Mathematically, the 2011 figure implies that 24% of independent owners had ownership in an average of 4.2 pharmacies. (Algebraically: [76%*1] + [24%*4.2] = 1.76) In the 2010 sample, 26% of independent owners had ownership in 4.4 pharmacies. These owners must be pharmacists to meet the NCPA’s definition of “independent pharmacy.”

Put another way, the NCPA Digest imply that the owner of multiple pharmacies saw average earnings decline, from 2010’s $1.1 million (=$253K*4.4) to 2011’s $982,000 (=$234*4.2)—a decrease of $134K (-12%). On the other hand, average earnings are still above 2009’s $958,000.

OBSERVATION 5: The total number of independent pharmacies increased in 2011.

Given the numbers above, you may be surprised to know that the total number of independent community pharmacies increased slightly, from 23,064 in 2010 to 23,106 in 2011. The appeal of ownership clearly hasn’t dimmed.

These data are especially ironic given NCPA’s constant “independents are vanishing” drumbeat. Consider this July 2011 NCPA blog post: Independent Pharmacy Closures Illustrate Need for Pro-Patient, Pro-Pharmacy Policies. Yes, you read that right. The NCPA's article was posted during a year when new pharmacy openings were greater than pharmacy closures.

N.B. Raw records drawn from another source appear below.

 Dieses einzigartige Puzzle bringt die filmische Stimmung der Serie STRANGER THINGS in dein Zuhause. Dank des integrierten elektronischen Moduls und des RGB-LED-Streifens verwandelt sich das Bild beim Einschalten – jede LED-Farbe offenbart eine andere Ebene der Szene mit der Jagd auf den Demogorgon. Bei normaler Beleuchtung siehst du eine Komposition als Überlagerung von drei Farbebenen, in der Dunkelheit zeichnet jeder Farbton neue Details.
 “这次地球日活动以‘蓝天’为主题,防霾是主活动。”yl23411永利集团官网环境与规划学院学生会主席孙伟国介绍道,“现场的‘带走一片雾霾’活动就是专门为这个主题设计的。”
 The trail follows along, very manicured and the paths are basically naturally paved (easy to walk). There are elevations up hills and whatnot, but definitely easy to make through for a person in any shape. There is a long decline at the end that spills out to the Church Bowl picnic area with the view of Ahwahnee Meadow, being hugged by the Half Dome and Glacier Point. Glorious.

I wonder how turnover affects the NCPA Digest. Do 2011’s slightly worse economic results reflect a new generation of pharmacy owners who are still building their businesses?

TELL ME WHAT YOU THINK 

As always, I encourage constructive comments on the NCPA Digest data. Alas, these annual reviews tend to generate heated remarks from pharmacy owners. Excluding the Lake Wobegon pharmacies, half of the owners will write to complain that they are below average. The other half remain silent.

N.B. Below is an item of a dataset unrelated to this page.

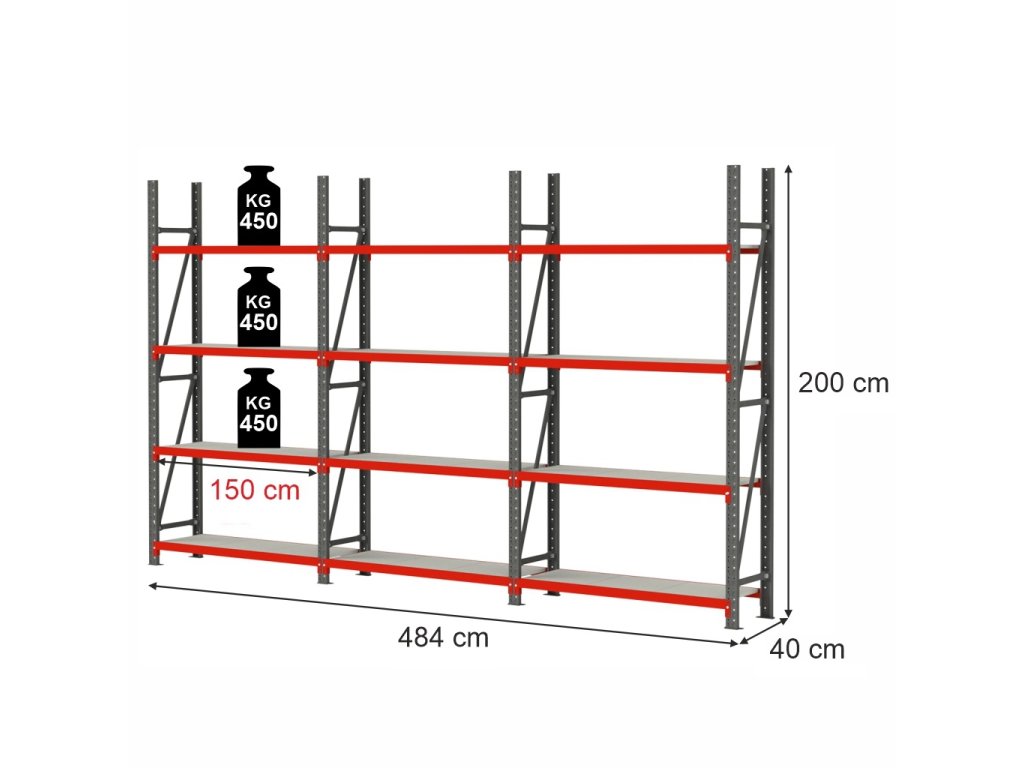 Skladový regál FORTIS 200×484×40 cm, 12policový
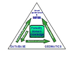 In a broad sense information systems are categorized in either Management Information System (MIS) or Spatial Decision Support System (SDSS). Both the systems are important from management point of view; however, many of the previously developed MIS do not have the spatial component, and therefore lack analytic capability. SDSS on the other hand have spatial component and use inherent capabilities of 'Geographical Information System' (GIS) which provides better analytic capabilities and visualization in the form of tailor made maps. This facilitates decision making to a great extant. In a typical SDSS for forest management, the vision/need comes from the forestry experts (scientists, researchers, administrators); which ultimately gets transformed into the database; efficient use of this dataset through GIS and Information Technology (IT) can be extremely helpful in deriving most meaningful information necessary for better governance. (fig. 1) (Kale et al., 2010)

If you choose to share your thoughts, please keep the following ground rules in mind:
  • Thoughtful comments are always welcome on Drug Channels.
  • Personal attacks are not welcome, so please skip the argumentum ad hominem.
  • Make sure your comment is related to the topics of this article.
  • Avoid profanity.
  • Direct any complaints, criticisms, and compliments about the survey’s methodology to NCPA.
Comment away!

1 Math geeks should not fret that I am multiplying an average by a median. The distribution of Owner’s Discretionary Profit Percentage in the 2012 Digest has a very slight positive Bowley skewness (+0.03), i.e., the average is greater than the median. However, this figure is not statistically significantly different from skew=0, i.e., symmetry, so the average and median ODP are pretty close. See “Bonus Comment For Math Geeks” at the bottom of 2009’s NCPA Responds to Drug Channels

1 comment:

  1. In case anyone is wondering about the lack of comments, our commenting service (Disqus) inadvertently blocked anonymous comments when this article went up. Apparently, the fear of using a real name deterred most people. Sorry if you were looking for the usual fun from this annual post!